10 julio, 2008

Amantes

Se había instalado entre los dos una complicidad cómoda, reconfortante que hacía que el paso de las horas fuese calmo y casi anestesiante. Con él pasaba la vida dentro de un micromundo en el que todo cobraba cierta irrelevancia. Ella era feliz en ese tiempo que paraba el reloj, que hacía que la sucesión de minutos fuese una sucesión de placer y de liviana felicidad. El sexo era fácil, lo hacían como una tarea que por aprendida no dejaba de ser gratificante, sino más bien al contrario, se afanaban en la búsqueda de la perfección, y siempre acababan por sorprenderse uno al otro con sus técnicas amatorias. El placer del sexo era la excusa para encontrarse cada dos o tres días, siempre a media tarde, en el apartamento de Marisa. Pero más allá del sexo habían encontrado un espacio habitado por los sentidos, donde se hacían plenos , como amantes, pero también como seres humanos. Allí concluía la realidad de sus vidas, sus obligaciones y sus problemas, y tan sólo los besos y caricias que se regalaban sin contraprestación alguna eran suficientes para crear una atmosfera como de otro mundo. Marisa hablaba de la infancia, y Esteban la escuchaba con atención : en sus ojos un brillo de admiración y de nostalgia.

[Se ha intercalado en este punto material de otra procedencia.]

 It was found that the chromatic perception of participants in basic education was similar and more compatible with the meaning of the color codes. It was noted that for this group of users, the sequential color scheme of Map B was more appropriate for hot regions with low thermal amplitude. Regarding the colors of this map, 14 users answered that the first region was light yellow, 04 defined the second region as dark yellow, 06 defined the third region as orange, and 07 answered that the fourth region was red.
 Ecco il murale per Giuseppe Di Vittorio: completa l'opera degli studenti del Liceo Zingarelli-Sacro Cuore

Le habría gustado conocerla desde siempre, desde que era sólo una chiquilla, y haber compartido con ella aquellos primeros paseos en bicicleta, aquellas madrugadas el día de Reyes, aquellos primeros besos en el patio de recreo...

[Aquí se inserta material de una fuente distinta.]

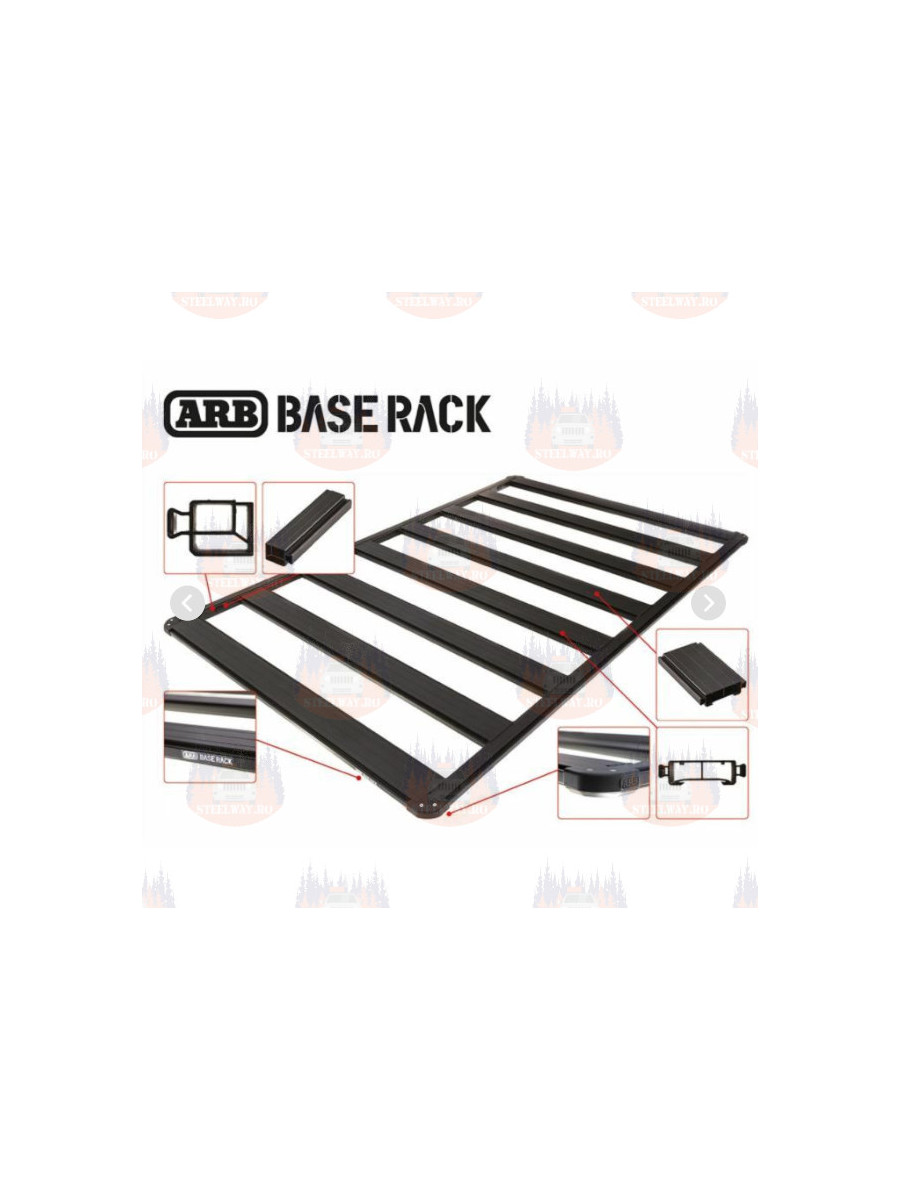 Noul suport de acoperiș ARB este vândut ca un suport plat și poate fi transformat cu ușurință într-un suport de acoperiș tradițional (cu coș perimetral) care acoperă 100% din suportul de acoperiș sau, pur și simplu, putem încorpora secțiuni de balustradă în funcție de încărcătură. Sistemul de șine BASE Rack este disponibil pentru a acoperi întregul cadru, 3/4, 1/4 sau doar părțile laterale. Șinele se atașează rapid și ușor la profilul existent în jurul cadrului.

Entre conversaciones y miradas el apartamento de Marisa cobraba una dimensión de paraíso, no hacía falta mucho, un sofá, una cama, algo de música y un poco de chocolate. Con la radio bastaba, música española , que era la preferida de ella. A veces sonaba un bolero o cualquier canción lenta y romanticona, y se besaban al ritmo pausado de las notas, y con el cambio de canción Marisa cambiaba el ritmo del movimiento de sus labios, y buscaba las partes más íntimas de Esteban y seguía igualmente, bajo las sábanas, el ritmo de la música. Después del sexo, el sudor y el chocolate se mezclaban en una comunión casi perfecta, casi infantil. Les gustaba sentirse pegajosos, olerse como animales y reconocer en sus olores corporales sus afectos. En esa intimidad de piel sobre piel, hacían de sus abrazos un lenguaje completo que les servía para entenderse por encima de las complicaciones de su relación censurada y prohibida. A su manera se querían y se lo demostraban con gestos cotidianos, con pequeñas caricias y silencios en los que descansar de sus miserias.

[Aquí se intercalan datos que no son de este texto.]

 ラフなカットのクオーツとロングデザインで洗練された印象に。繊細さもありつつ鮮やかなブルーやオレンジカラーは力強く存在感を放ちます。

Las tardes calurosas, como la de ayer, eran las preferidas de Esteban. Marisa sin embargo siempre se quejaba porque no podía ir a la playa, y entonces, Esteban bromeaba, y le decía que él era mejor que el Mediterráneo entero.
Ayer se entregaron con furia, como si en los días que llevaban sin verse hubiesen acumulado una voracidad excesiva. Hicieron el amor varias veces seguidas, recorriendose uno al otro con la intención de memorizarse, de empaparse de la esencia última de la materia que les formaba. Esteban estaba contento, cómodo entre los arrumacos de Marisa que le devolvían la confianza que la propia vida le iba quitando a cada paso. Intentó contarle sus problemas con Hacienda, pero Marisa barrió con un beso los trámites burocráticos. Le espetó un "me aburro" y volvió a su piel como quien regresa a un territorio conquistado. Y de nuevo buscaron su refugio secreto, entre la dulzura de Marisa y la serenidad de Esteban. Hacía mucho tiempo que no se querían tanto.